I'll spare you all the all the gory details of the next year, but one night in anger he tore the necklace he'd bought me in our summer of love and flushed it down the toilet, and told me he never loved me. I used to go to bed praying not to wake up, and crying when I did. When the year ended he was engaged to someone else...a knee jerk reaction to my sleeping with one of our friends...my reaction to finding out his cover story for our relationship was that I was a one night stand gone psycho. It was horrible. We promised each other we'd stay friends and made our now spouses agree to that too. My heart was dead. He got married, I got re-married. My husband (the mutual friend mentioned earlier)and I have a son, and he and his wife are about to have a son.
It was hard to stay friends, but we needed each other's presence even if we didn't communicate as much as we had. I swallowed my pride and all that pain and soldiered on, but I missed him desperately and found myself wanting him more, not less, as time passed. We didn't talk about it. Almost two years ago now, he called me and told me he'd been wrong about us, and he was sorry...I'd wanted to hear that for so long that I was initially elated, but it didn't change our situations. The erotic charge in our relationship finally got the best of us a few months later and since then we've been stealing moments here and there. We are still struggling with our old issues, and things are decidedly more complicated than the were when I was afraid to kiss him all those years ago.

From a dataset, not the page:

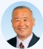
小泉 春雄 議員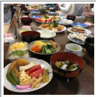
旬のお野菜で彩られた 美味しいおまかない

I imagine he'll have some crisis of conscience when his son is born, and our relationship will go dormant again. I prayed for him to have this child, because I could not have let him go without something he wanted so badly, and that would have seriously complicated things no matter how it happened. So I suppose that I need help in preparing for the end. It hurts just thinking about it. I almost died the last time, and I can't leave my son.

I think maybe you should seek some therapy to figure out what it is about this man that has him in and out of your life for the past 17 years. Good luck.
Jazzdiva
Do you love your current husband? Did you love him when you married him? Try to work on that. Or if you find that you don't....then you need to make other decisions.
Post here...all of us understand to some degree or level. WE are all miring through the pain ourselves.
big hugs!
dharma
Trying to condense all the drama into a few paragraphs meant that large chunks of time and significant events went unaddressed...How we got here could fill a book. I don't think I got across how itegral the OM is in my life. Our clique that used to hang out back at his apartment so long ago is still together. They were all here for the Super Bowl. My husband was an usher in his wedding. Me, my husband, and son were all over at his house this weekend. My point is NC is not really possible as it would create suspicion. Us being good forever is highly unlikely... I guess we're back to "one day at a time." I'd just like to skip to the end and read the last few pages...
Anyway, thanks for the outlet. It helps drown him out of my mind for a while. I can't afford years of therapy, so I appreciate your comments and advice.